Why Eigenvalues in Quantum Measurements

Most recent answer: 07/31/2014

Q:
In quantum mechanics there is state of the system defined by the wavefunction. It contains information about all the physical quantities associated with the system. There is a way to extract this information and it is by operation on wavefunction. That is we operate on wavefunction an operator associated with the physical quantity and then we expect the result to be multiple of the wavefunction. And if this is so then we say that the "multiple" (eigenvalue) is the value of the physical quantity that the system can possess. Why this is so? Why eigenvalues are only allowed? And not the values calculated by some other way.
- Ashutosh (age 20)
Mumbai,India
A:

That's a very deep question I an give a partial answer.
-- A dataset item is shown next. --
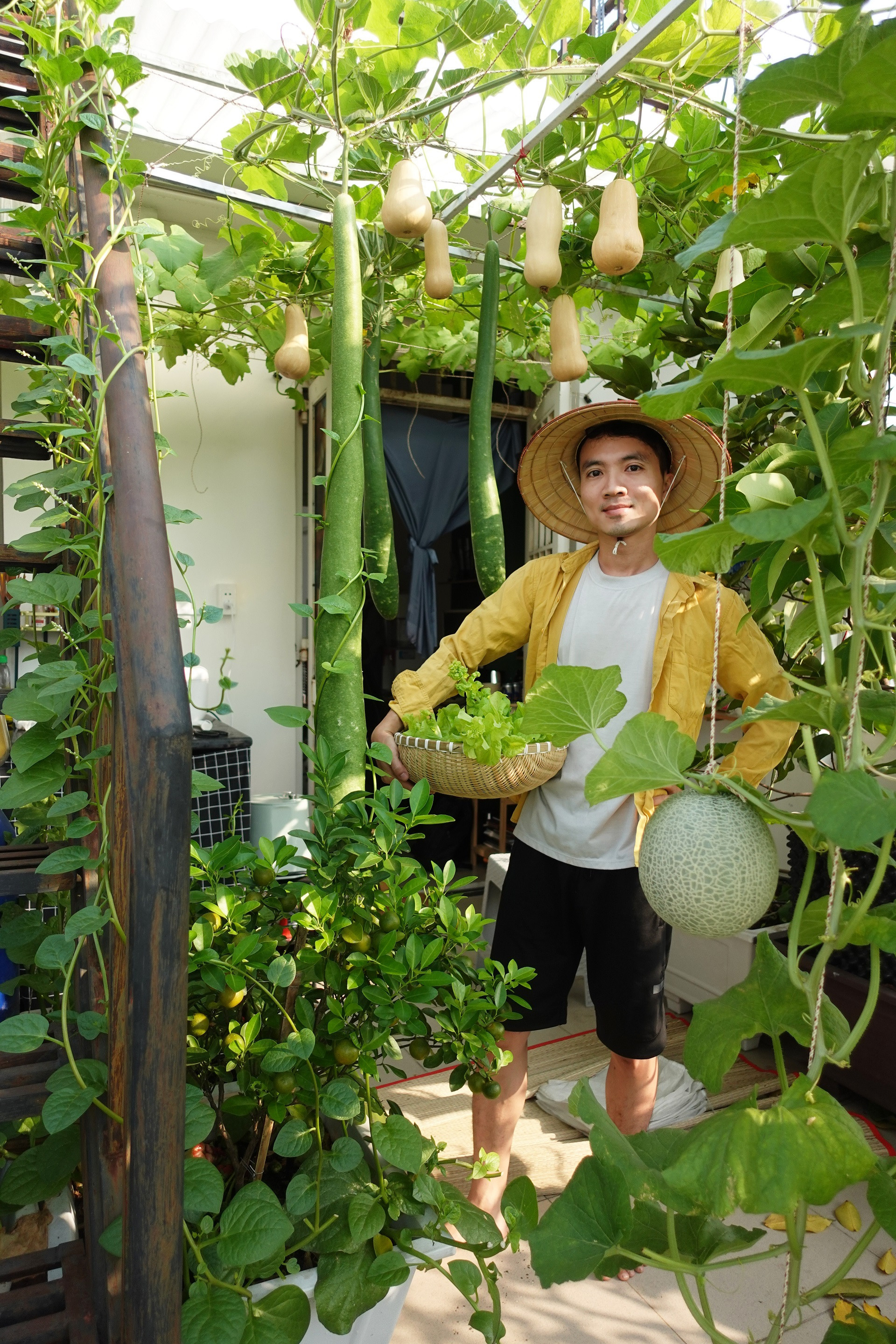 Anh Nguyễn Đức Trí (SN 1994, quê ở Quảng Ngãi), hiện là kiến trúc sư, sống ở TPHCM. Yêu thích làm vườn, chăm cây và mong muốn nghiên cứu nhiều hơn về kiến trúc xanh, bền vững, anh Trí đã cải tạo, biến sân thượng tầng 6 nơi mình ở thành một "nông trại" xanh mướt, sum sê rau trái.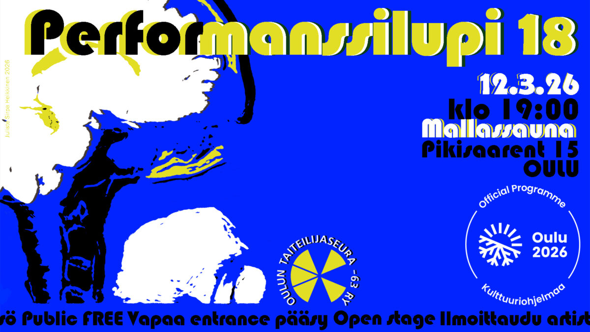 Performanssilupi on osa Oulu2026-kulttuuriohjelmaa ja kulttuuri-ilmastonmuutosta. Oulun Taiteilijaseura -63 ry:n jäsentaiteilijoiden luotsaama tapahtuma tulee pikapuolin viiden vuoden ikään – siitä lähemmin lumiajan mentyä. Nyt Open Stage -periaatteella toimivan lupin artistit kutsuvat jälleen mukaan ihan kaikkia. Tule kannustamaan, kokemaan, jakamaan ja virkistymään Pikisaaren Mallassaunan ennakkoluulottomaan ilmapiiriin. Lukuisa joukko kansalaisia on uskaltautunut estradille kuluneiden vuosien aikana. Tule sinäkin.

What is the apparatus that measures the quantity X? By definition, it's something that acquires different macroscopic (large-scale) states depending on the value of X. Now let's say you saw an output of the measurement operation that was not in an eigenvalue of X. Then, by definition of the measurement apparatus, it would also not be in an eigenstate of the macroscopic properties. You would be seeing, for example, some superposition of a detector needle in visibly different positions.

Now here's where my answer gets fuzzy. There's a rule of nature that our experience has only definite values of macro phenomena. Cats are not found in states consisting of very healthy and very dead versions. How that rule arises is at the core of the "measurement" problem. Is it that the full quantum state, with all its parts, emerges, but our conscious experience branches into separate macro-coherent streams? Do all the streams except one somehow collapse away? Was there some sort of (non-local) hidden fact-of-the matter beforehand, so that only one of the streams is fully real?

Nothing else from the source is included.